Idem pour la Tchéquie, dont Babiš, homme d’affaire surprenant et Premier ministre du plus occidental des pays de l’ancienne Europe de l’Est, a descendu les eurodéputés de son parti qui avaient voté pour les sanctions contre la Hongrie de Viktor Orbán.

Le Groupe de Visegrád est une entente, une coopération volontaire autour d’intérêts communs. Lorsque sur une question, les intérêts divergent, alors chacun gère la question comme il l’entend. Mais lorsque les intérêts convergent, alors le V4 peut parler d’une seule voix et peser de tout son poids – population identique à la République française et PIB équivalent aux deux tiers de cette dernière. Aucun des quatre pays d’Europe centrale n’aurait intérêt à casser cette entente, véritable syndicat face au patron allemand, forte phalange à Bruxelles et lobby puissant pour leurs diplomaties, notamment aujourd’hui dans les Balkans – où ils entendent ensemble désamorcer la guerre qui vient, et contrer les influences étatsunienne, russe, allemande, turque, …

Le Groupe de Visegrád est une structure souple, sans organisation supra-nationale court-circuitant les dépositaires légitimes du pouvoir que sont les élus du peuple. C’est aussi un essai à taille réduite de l’alter-Europe que veulent les PECO (Pays d’Europe Centrale et Orientale), par opposition à l’Union centralisée de Bruxelles, avec ses institutions hors-sol et ses dirigeants non élus, incapable d’apporter des réponses aux défis continentaux ni de faire valoir les intérêts européens face aux autres grandes puissances.

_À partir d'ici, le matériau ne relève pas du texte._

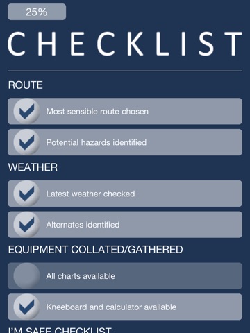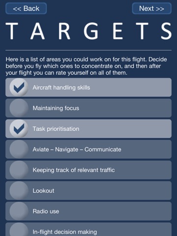 Graph My Flight helps you through the three stages of your flight. It has a comprehensive pre-flight checklist, it encourages you to concentrate on different aspects of your flying during your flight, and then you complete the process by evaluating your performance afterwards.
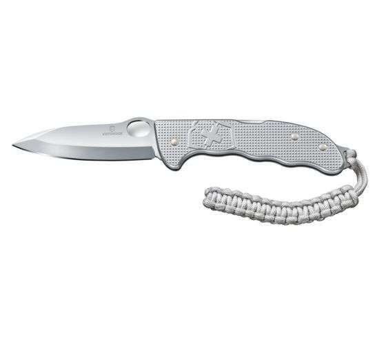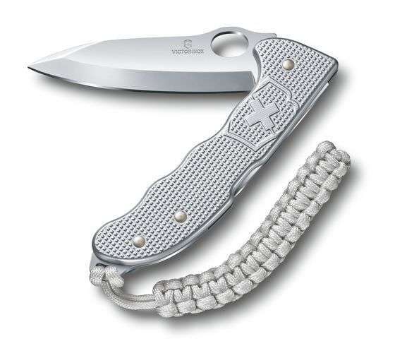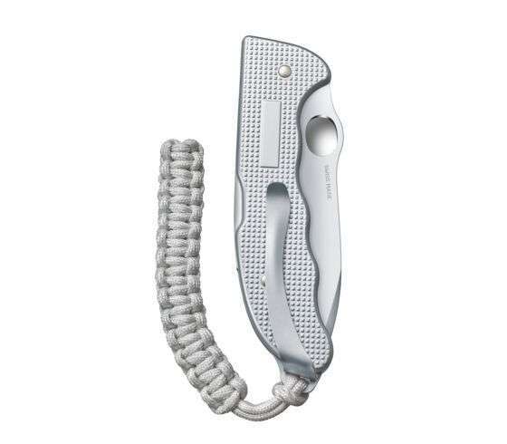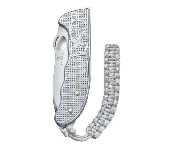 Nuestra última Hunter Pro combina un espíritu de descubrimiento y aventura con un diseño elegante y un aspecto sofisticado. Está equipada con las cachas acanaladas Alox de nuestra colección Pioneer, que confieren a la navaja un acabado más adherente y multidimensional. El clip curvado se integra perfectamente detrás de las escamas y se sujeta a prácticamente cualquier prenda de vestir. El orificio para cordón integrado con resorte y el colgante de paracord plateado anudado aportan una dosis extra de robusta sofisticación.

Et à l’approche des élections européennes de mai 2019, assurément les plus importantes depuis qu’existe un Parlement européen, Macron fait campagne et se posant comme le chef de file des « anti-populistes  », des progressistes, et tente de faire croire que le modèle de Visegrád est « anti-européen  ». Il se vend comme un partisan d’une politique d’immigration ferme, mais « en même temps  » – son expression favorite, semblerait-il – le Président français explique à la presse libérale centre-européenne « [qu’]une Europe qui fait fi de la diversité des idées et des croyances, de l’indépendance de la justice ou de la presse, de l’accueil des réfugiés qui ont fui des persécutions politiques, c’est une trahison de ce que nous sommes, » développant l’importance d’accepter l’immigration partout, amalgamant au passage réfugiés et migrants économiques.

Dans cet entretien donné à quatre médias libéraux d’Europe centrale, Emmanuel Macron déclare avoir de bonnes relations avec Viktor Orbán, dit le respecter et même, l’apprécier. Comment prendre alors sa déclaration durant sa participation en Slovaquie à un sommet sans trop de succès de Globsec, dans laquelle il a demandé : « Que font ces dirigeants avec ces esprits fous et qui mentent à leur peuple ?  », faisant référence à la Pologne et à la Hongrie, avant de vouloir faire croire de nouveau que la Pologne et la Hongrie sont « anti-européennes  ». Cocasse de la part de quelqu’un qui veut changer la population et la culture européennes…

Durant son séjour, Emmanuel Macron n’a pas manqué de répéter partout qu’il n’y avait pas de division entre l’Est et l’Ouest. Pourtant, les négociations menées avec la Slovaquie et la Tchéquie – on peut supposer sans risque qu’il s’est agi d’un marché « migrants contre travailleurs détachés » ; c’est-à-dire que Macron a assuré à Prague et Bratislava son soutien contre les répartitions de migrants en échange d’aménagements sur la question des travailleurs détachés – sont évidemment une tentative de division en Europe centrale.

Son soutien au très pro-occidental Président roumain Klaus Iohannis, opposé à la politique de rapprochement avec le V4 menée par son gouvernement, s’inscrit également dans la droite ligne de cette politique macronienne tenant de diviser les PECO.

Mais force est de constater qu’il s’agit d’autant de coups d’épées dans l’eau. Le manque de substance du jeune président-banquier, l’horreur que représente le projet de civilisation macronien aux yeux d’une grande majorité de centre-européens, font que les tentatives du régime de Paris pour briser la coopération libre des pays d’Europe centrale est inefficace.